**Provided material**
★ ★ ★ ★ ★ ★ ★
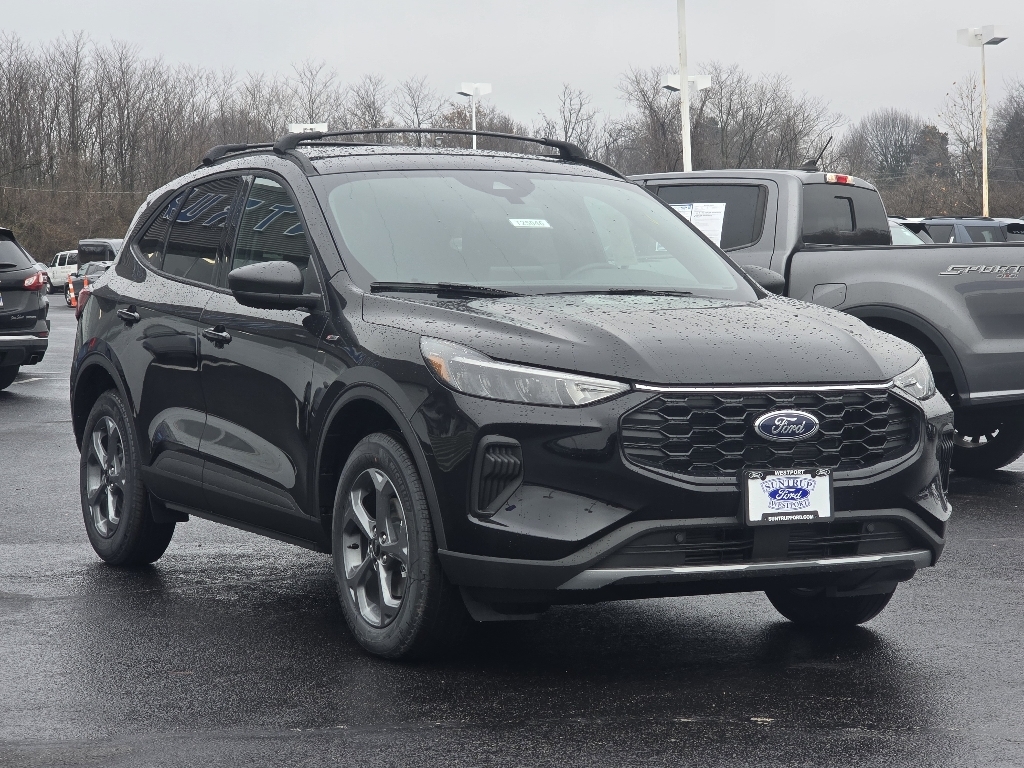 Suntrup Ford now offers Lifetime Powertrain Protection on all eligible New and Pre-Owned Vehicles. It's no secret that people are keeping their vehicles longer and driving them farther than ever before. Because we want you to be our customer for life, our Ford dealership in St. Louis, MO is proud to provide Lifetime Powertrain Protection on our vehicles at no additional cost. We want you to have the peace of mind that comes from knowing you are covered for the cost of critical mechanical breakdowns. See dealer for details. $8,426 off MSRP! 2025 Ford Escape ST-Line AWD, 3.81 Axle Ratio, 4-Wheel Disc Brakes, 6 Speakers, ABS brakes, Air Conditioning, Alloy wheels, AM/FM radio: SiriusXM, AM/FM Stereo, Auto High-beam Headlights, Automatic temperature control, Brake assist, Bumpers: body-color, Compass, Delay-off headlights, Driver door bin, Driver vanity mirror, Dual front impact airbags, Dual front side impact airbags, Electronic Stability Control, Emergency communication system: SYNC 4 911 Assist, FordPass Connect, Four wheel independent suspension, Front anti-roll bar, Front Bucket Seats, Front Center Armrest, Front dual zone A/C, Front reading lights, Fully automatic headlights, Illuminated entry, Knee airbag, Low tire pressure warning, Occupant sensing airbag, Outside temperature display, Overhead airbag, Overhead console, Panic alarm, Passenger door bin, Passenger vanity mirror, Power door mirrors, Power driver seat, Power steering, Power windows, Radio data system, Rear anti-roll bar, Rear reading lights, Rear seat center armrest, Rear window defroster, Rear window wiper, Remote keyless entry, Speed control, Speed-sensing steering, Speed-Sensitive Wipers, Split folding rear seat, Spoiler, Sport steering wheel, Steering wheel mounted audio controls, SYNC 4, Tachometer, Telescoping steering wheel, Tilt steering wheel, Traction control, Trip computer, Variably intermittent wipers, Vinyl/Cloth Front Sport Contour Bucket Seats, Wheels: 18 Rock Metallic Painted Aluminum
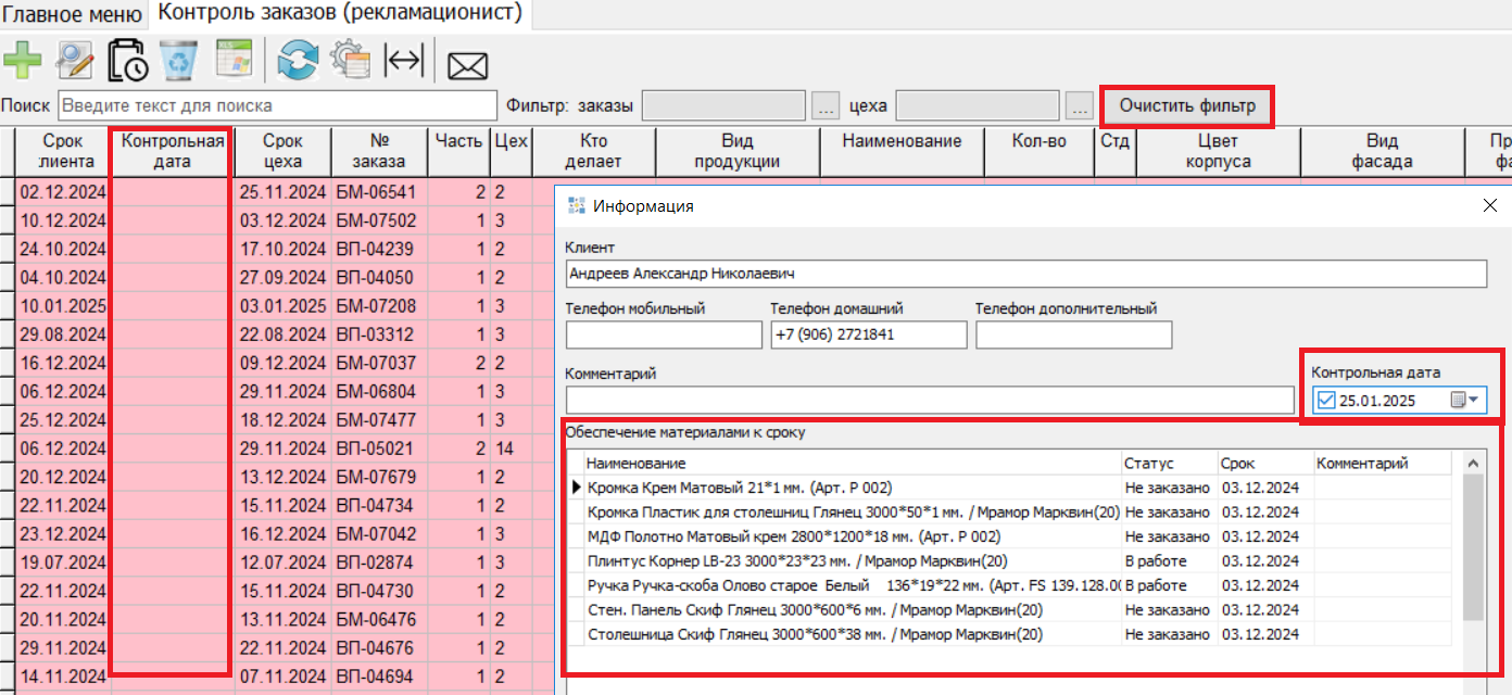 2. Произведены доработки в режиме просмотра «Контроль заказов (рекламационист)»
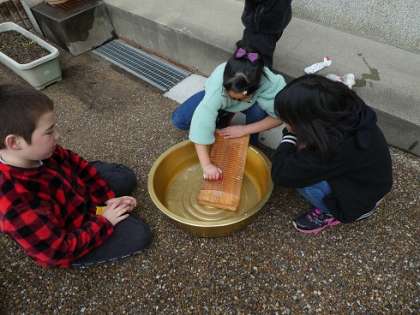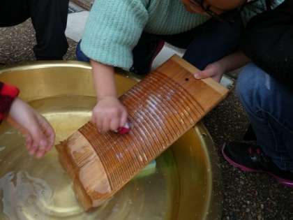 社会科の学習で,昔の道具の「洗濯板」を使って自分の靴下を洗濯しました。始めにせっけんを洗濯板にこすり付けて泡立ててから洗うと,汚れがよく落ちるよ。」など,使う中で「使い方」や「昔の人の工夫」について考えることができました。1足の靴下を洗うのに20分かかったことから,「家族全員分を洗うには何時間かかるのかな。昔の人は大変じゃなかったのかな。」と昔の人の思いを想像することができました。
★ ★ ★ ★ ★ ★ ★
**Exercise**
Word for word, reproduce the listing above; no image should be carried over.

**Result below**
 Suntrup Ford now offers Lifetime Powertrain Protection on all eligible New and Pre-Owned Vehicles. It's no secret that people are keeping their vehicles longer and driving them farther than ever before. Because we want you to be our customer for life, our Ford dealership in St. Louis, MO is proud to provide Lifetime Powertrain Protection on our vehicles at no additional cost. We want you to have the peace of mind that comes from knowing you are covered for the cost of critical mechanical breakdowns. See dealer for details. $8,426 off MSRP! 2025 Ford Escape ST-Line AWD, 3.81 Axle Ratio, 4-Wheel Disc Brakes, 6 Speakers, ABS brakes, Air Conditioning, Alloy wheels, AM/FM radio: SiriusXM, AM/FM Stereo, Auto High-beam Headlights, Automatic temperature control, Brake assist, Bumpers: body-color, Compass, Delay-off headlights, Driver door bin, Driver vanity mirror, Dual front impact airbags, Dual front side impact airbags, Electronic Stability Control, Emergency communication system: SYNC 4 911 Assist, FordPass Connect, Four wheel independent suspension, Front anti-roll bar, Front Bucket Seats, Front Center Armrest, Front dual zone A/C, Front reading lights, Fully automatic headlights, Illuminated entry, Knee airbag, Low tire pressure warning, Occupant sensing airbag, Outside temperature display, Overhead airbag, Overhead console, Panic alarm, Passenger door bin, Passenger vanity mirror, Power door mirrors, Power driver seat, Power steering, Power windows, Radio data system, Rear anti-roll bar, Rear reading lights, Rear seat center armrest, Rear window defroster, Rear window wiper, Remote keyless entry, Speed control, Speed-sensing steering, Speed-Sensitive Wipers, Split folding rear seat, Spoiler, Sport steering wheel, Steering wheel mounted audio controls, SYNC 4, Tachometer, Telescoping steering wheel, Tilt steering wheel, Traction control, Trip computer, Variably intermittent wipers, Vinyl/Cloth Front Sport Contour Bucket Seats, Wheels: 18 Rock Metallic Painted Aluminum
 2. Произведены доработки в режиме просмотра «Контроль заказов (рекламационист)»
 社会科の学習で,昔の道具の「洗濯板」を使って自分の靴下を洗濯しました。始めにせっけんを洗濯板にこすり付けて泡立ててから洗うと,汚れがよく落ちるよ。」など,使う中で「使い方」や「昔の人の工夫」について考えることができました。1足の靴下を洗うのに20分かかったことから,「家族全員分を洗うには何時間かかるのかな。昔の人は大変じゃなかったのかな。」と昔の人の思いを想像することができました。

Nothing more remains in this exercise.